Considering the crucial role of angiogenesis in cancer development, antiangiogenic agents have significant potential to fight cancer. Thus, investigating novel drugs to attenuate or prevent angiogenesis-associated complications in cancer is of great importance. The several clinical limitations and side effects related to the administration of current antiangiogenic agents for cancer treatment raise the need to find alternative treatments. Natural and synthetic coumarins have shown a variety of pharmacological properties. They have demonstrated prominent anticancer effects by targeting multiple signaling pathways involved in several types of cancer.

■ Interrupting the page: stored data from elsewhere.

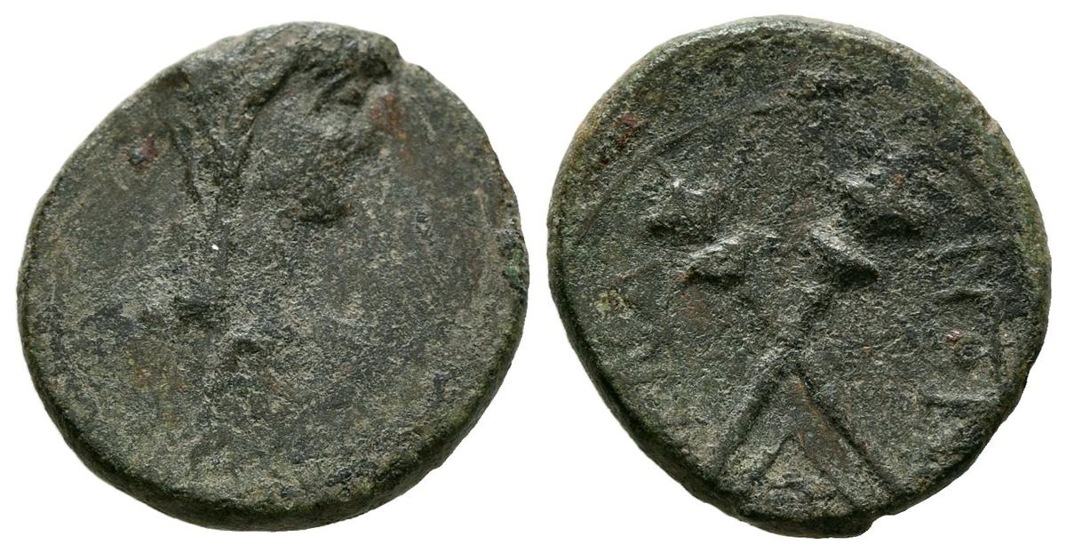 SICILIA, Siracusa. Ae17. (Ae. 2,92g/17mm). 212 a.C. (SNG ANS 1095). Anv: Cabeza velada de Demeter a derecha. Rev: Dos antorchas cruzadas, alrededor leyenda griega. MBC-.
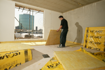 Sonefloor is een zeer drukvaste onbeklede glaswolplaat ter verbetering van contactgeluidsisolatie van vloeren
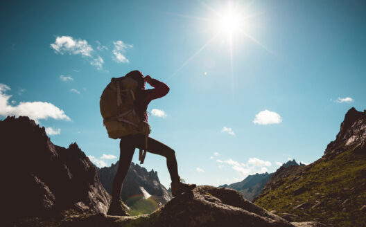 Silhouette of woman with backpack hiking on sunrise mountain top
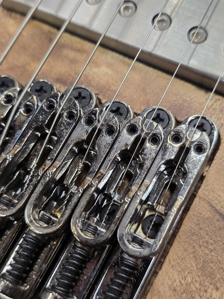 イントネーションの調整幅が広く、1音下げチューニングやそれ以上のダウンチューニングも容易に設定できます。弦高の調整も容易です。サドルを構成している部品数を極力少なくし、ギター本体の鳴りが生きるナチュラルなサウンドを実現しています。
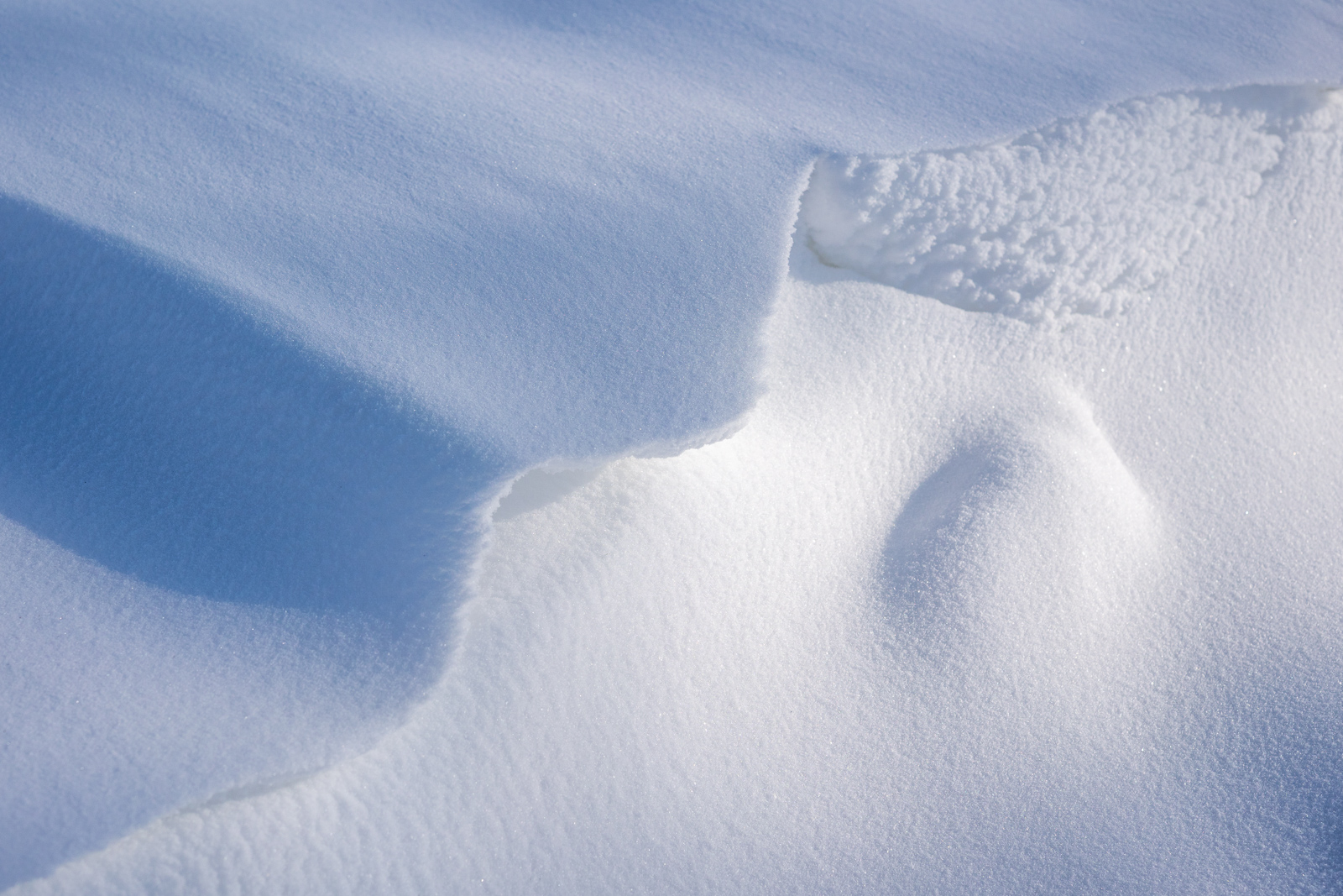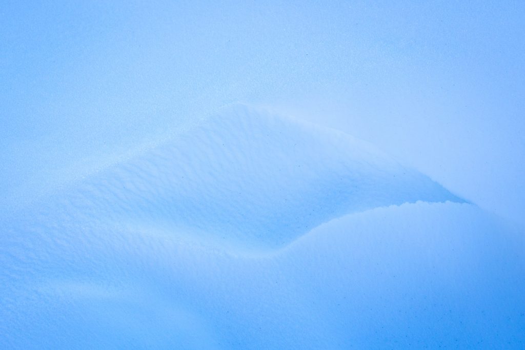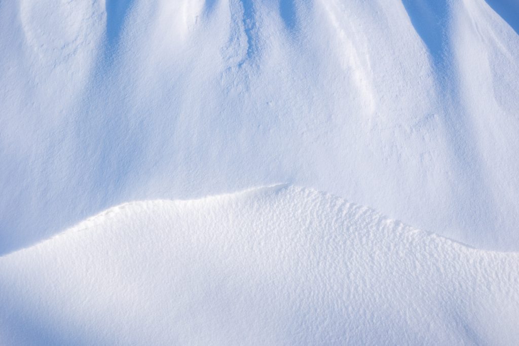 Als wir an dem Samstag gerade losgefahren waren, fiel Daniel ein, dass er noch etwas vergessen hatte einzupacken. Ärgerlich, er musste noch mal umdrehen. Doch die Schneeverwehungen am Straßenrand ließen mir keine Ruhe. Also stieg ich samt Ausrüstung aus und verbrachte die Wartezeit damit, diese Kunstwerke aus Schatten, Licht und Eis auf den Sensor zu bannen. Es war eisig, denn der Wind pfiff an dieser Stelle ungebremst über die Landschaft. Ich konnte nur wenige Fotos machen, bis meine Hände so kalt waren, dass ich die Ausrüstung kaum noch halten konnte. Also packte ich sie schnell wieder ein, stellte mich mit dem Rücken zum Wind und hielt Ausschau nach Daniels Auto, das zum Glück schon kurz darauf auf mich zukam.
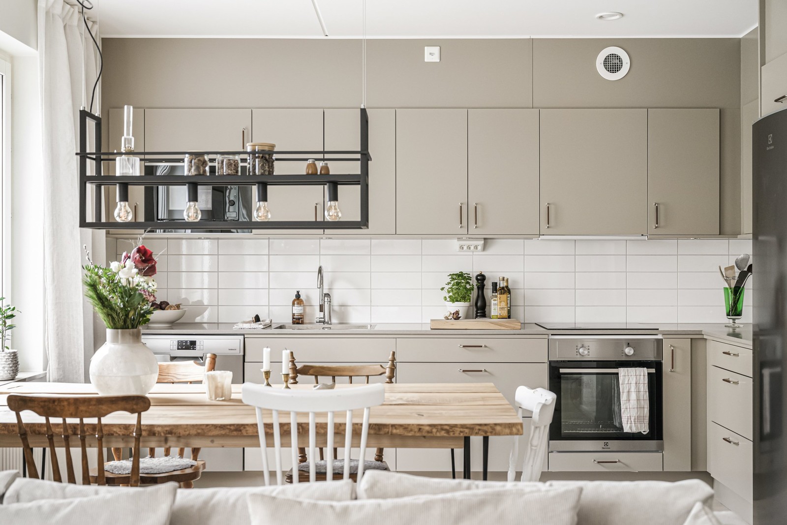 Här möts du av en ljus och trivsam bostad med en öppen planlösning där kök och vardagsrum samspelar på ett naturligt sätt. Köket från Vedum är generöst tilltaget för att vara en tvåa och utformat i vinkel, vilket ger gott om både arbetsyta och förvaring. Här finns alla bekvämligheter man förväntar sig, såsom diskmaskin, induktionshäll, mikro och ugn från Electrolux, samt tillval som dubbel kyl och frys. Bänkskivan i portugisisk kalksten och beslag med läderhölje ger köket en varm och genomtänkt karaktär.
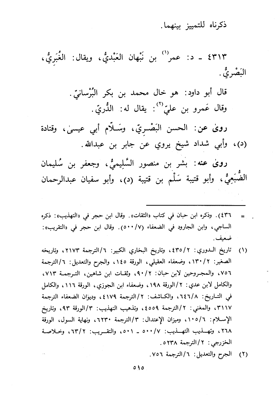 4313 - د: عُمَر بن نبهان العبدي (1) ، ويُقال: الغبري، البَصْرِيّ.
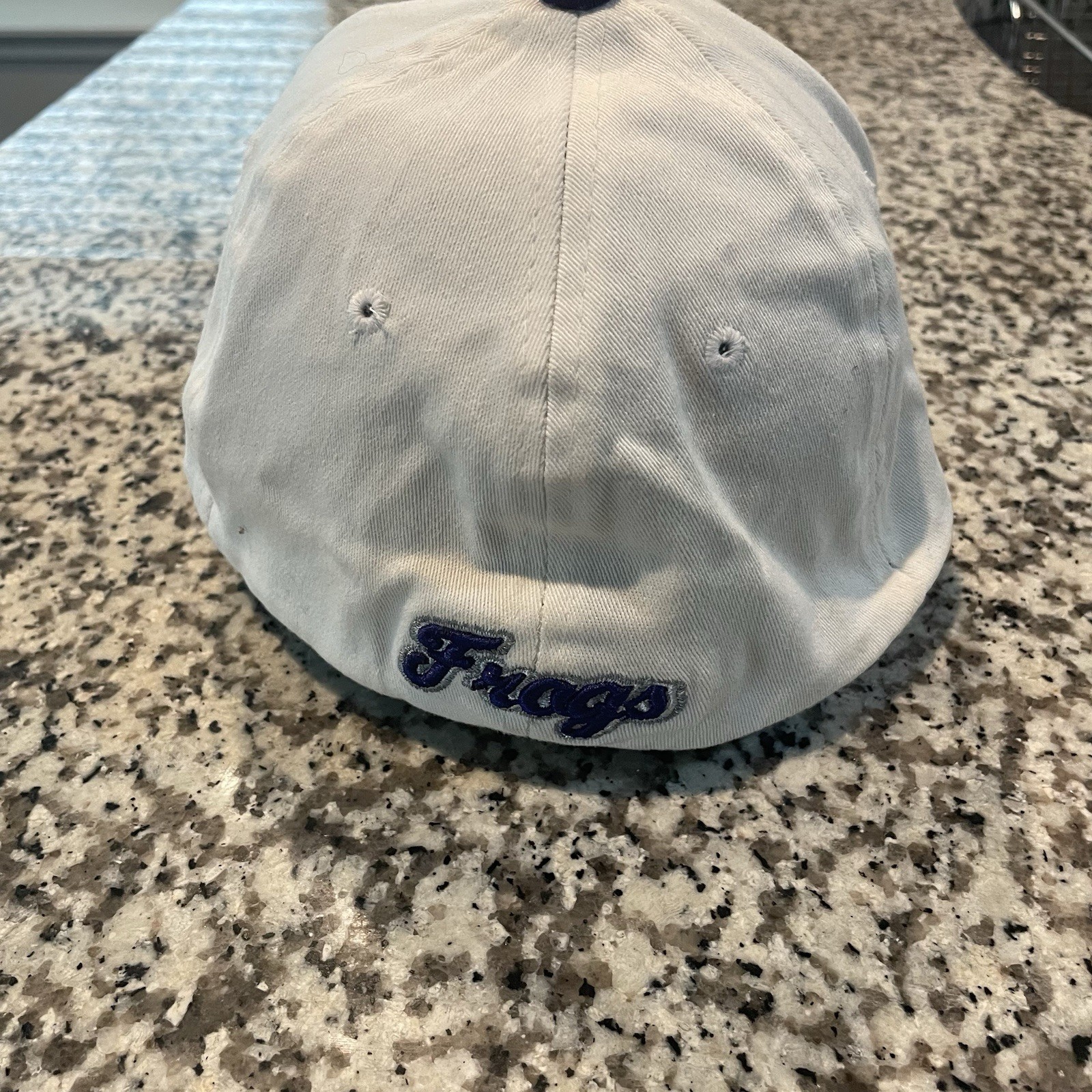 This vintage Texas Christian Baseball Embroidered Cap by Zephyr is a stylish and comfortable baseball cap designed for casual occasions. Made from a cotton/spandex blend, this cap features a solid design with a purple rim and intricate embroidery of horned frogs. The M/L size makes it suitable for most men, and the sports theme adds a fun and unique touch to the overall design. Whether it's winter, summer, fall, or spring, this cap is perfect for adding a pop of color and personality to any outfit. It is clean!
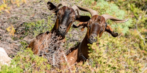 The mainly black, short-haired Karystos has more angled horns, and in the mountainous Fokida area of the mainland a large breed with long, thin, horns is known as Barbatsiki, or bearded, for obvious reasons.
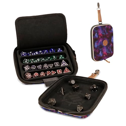ENHANCE Designer Edition Dice Tray - Stylish Dice Case and Dice Holder for 28+ Dice with EVA Shell Protection - Dice Rolling Tray with Removable Dice Holder for DnD, Other RPG Games (Galaxy)

Recently, studies have focused on the antiangiogenic effects of coumarins according to their structure-activity relationships. The present review reports the currently available literature data on the signaling and regulatory pathways of angiogenesis, as well as on antiangiogenic and anticancer mechanisms of natural and synthetic coumarins, critically analyzing and highlighting their use as possible therapeutic strategies. These studies are essential to identify novel and effective anticancer agents with fewer side effects than conventional drugs. It is also critical to identify potential synergies that may allow reducing the side effects of cytotoxic medicines and increasing the quality of life of patients. Additional studies should focus on additional in vitro and in vivo experiments followed by well-controlled clinical trials to reveal the exact signaling pathways involved in cancer angiogenesis as well as the precise pharmacological mechanisms of coumarins. In addition, there is a need to investigate and adjust novel antiangiogenic coumarin lead compounds to develop more potent and efficient anticancer drugs with lower toxicity. In addition, an appropriate drug delivery system should be introduced to overcome the existing pharmacokinetic challenges of coumarin administration. Such research will unveil the potential of coumarins in the prevention, attenuation, and treatment of angiogenesis in cancer.